Allaiter est un vrai bonheur. Dans mes bras, enfin il s’apaise en prenant le sein. Parfois, un simple signal d’agitation, un peu plus de frénésie dans sa façon de sucer son poing et ses doigts, parfois une énorme colère qui éclate quand on a abusé de sa patience, quand, retardée par d’autres tâches, j’arrive tardivement, tout ces parfois conditionnent ce moment si important pour le bébé comme pour moi.
Il prendra calmement le sein quand, attentive à sa demande, nous réussissons un superbe duo, harmonieux et sans heurt. Il prendra le sein de façon vorace quand, affamé, esseulé, désespéré, il aura crier sa rage autant que sa colère. Il ne pourra pas se satisfaire du sein, trop contrarié. Il continuera ses pleurs et je serai bien culpabilisée. Il faut alors se taire, ne rien faire, car toute tentative sera perçue comme une agression, le genre de sollicitation qui hérisse le poil quand il n’est plus temps. Il faut alors apprendre à s’apaiser ensemble, se poser ensemble, écouter, attendre...
Attendre que l’esprit du bébé se libère de sa rage et s’intéresse à autre chose. Attendre le pardon qui permet le retour du bébé à des sentiments moins belliqueux. Attendre qu’il reprenne le sein, et, acceptant de s’abandonner dans mes bras, sa succion devient voluptée, abandon confiant, mollesse du corps qui se moule dans les bras contre mon ventre, la bouche est douce et détendue, les yeux mi-clos le bras libre s’élève et tient l’équilibre à la vertcal, les doigts bougent tout doucement ou simplement sont immobiles révélant toute l’attention dans laquelle le bébé s’absorbe en tétant lentement, sereinement.
Cette main levée est comme un radar qui prévient des éventuelles intrusions pendant ce moment de pur bonheur. Il caresse parfois la main que j’avance vers sa main et je le laisse explorer du bout des doigts cette cousine qui lui ressemble étrangement. Une main est une source de curiosité sans limites tant il découvre sans cesse des mouvements, des perspectives comme rapprocher jusqu’à sa bouche ce qui est lointain, rejeter ce qu’il refuse de voir approcher, se frotter les yeux quand il est fatigué, tendre vers quelque chose ou quelqu’un pour en apprécier la réalité, caresser, saisir et secouer énergiquement, agripper, sentir...

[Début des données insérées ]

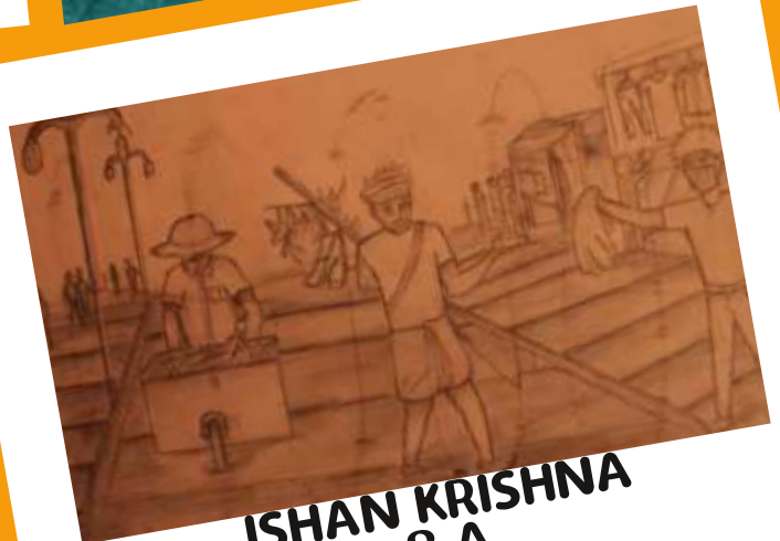
ISHAN KRISHNA 8 A
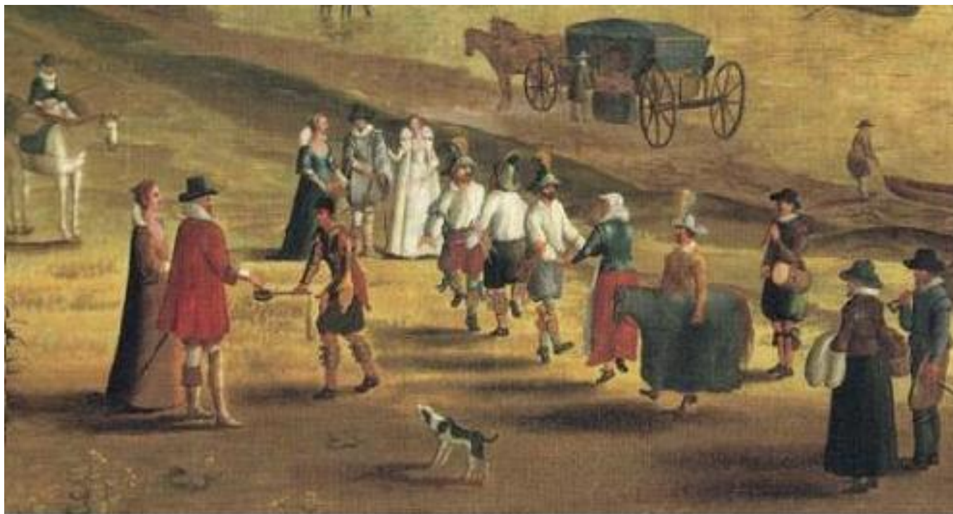
Танцовщики морески (фрагм. картины "The Thames at Richmond", 1620 г.)

Пантомимический средневековый танец, исполняющийся в гротескных одеяниях с колокольчиками на щиколотках несколькими танцовщиками под музыкальное сопровождение.
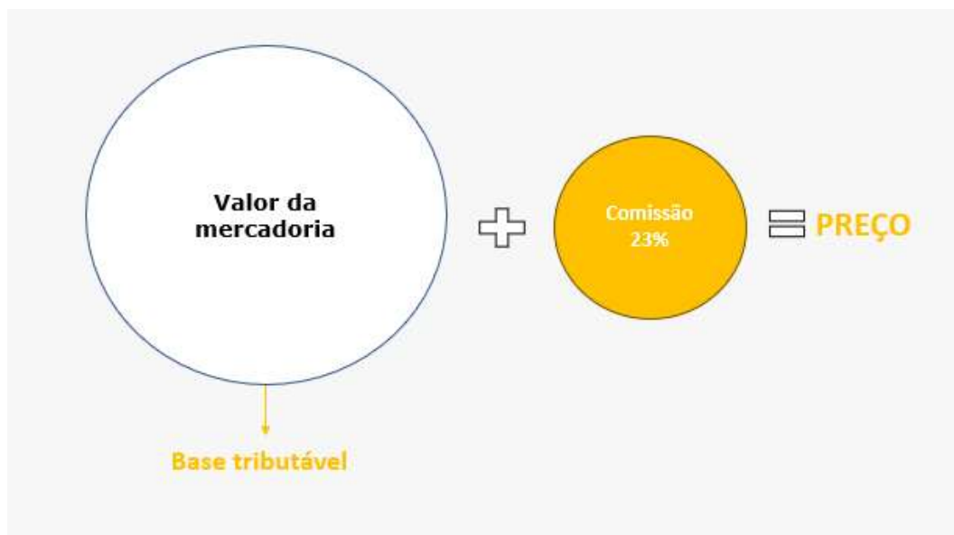
Figura 3. Exemplo prático da solução proposta: exclusão da base de cálculo
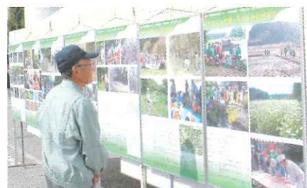
写真2 展示風景(市原市リサイクルフェア)
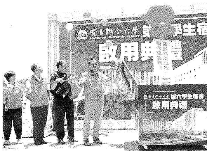
苗栗市聯合大學新宿舍落成啓用，縣長鍾東錦到場道賀盼畢業生留苗栗發展。

宿環境，6月5日到7日舉辦「來去六舍住一晚」活動，每晚安排40位學生體驗入住，讓學生體驗新宿舍的夜晚星空，並且提供一泊二食、夜間BBQ、團體活動等福利，讓畢業生填補大學四年學涯的回憶。

La main part à la découverte du monde et apporte une richesse d’informations tactiles, un nombre de plus en plus grand de compétences qui lui permettent de développer sa curiosité, une source d’émerveillement digne des plus grands contes, un “outil” étonnamment disponible, toujours là, des mains et des doigts délicieux, habiles, compagnons des réveils.
J’ai approché tout doucement ma bouche de ses doigts suspendus au bout de son bras relevé, juste pour les effleurer comme pour une caresse. A-t-il eu peur d’une agression ? Peut-être ai-je réveillé l’angoisse d’être dévoré ? Sa lèvre inférieur s’est retroussée, boudeuse, toute sa figure s’est fermée, les sourcils froncés, les yeux inquiets il a commencé à pleurer très fort, comme ça, d’un coup. Je le plaignais d’un petit “oh” traînant et désolé. Il a cessé et repris son activité de succion déjà plus du tout inquiet.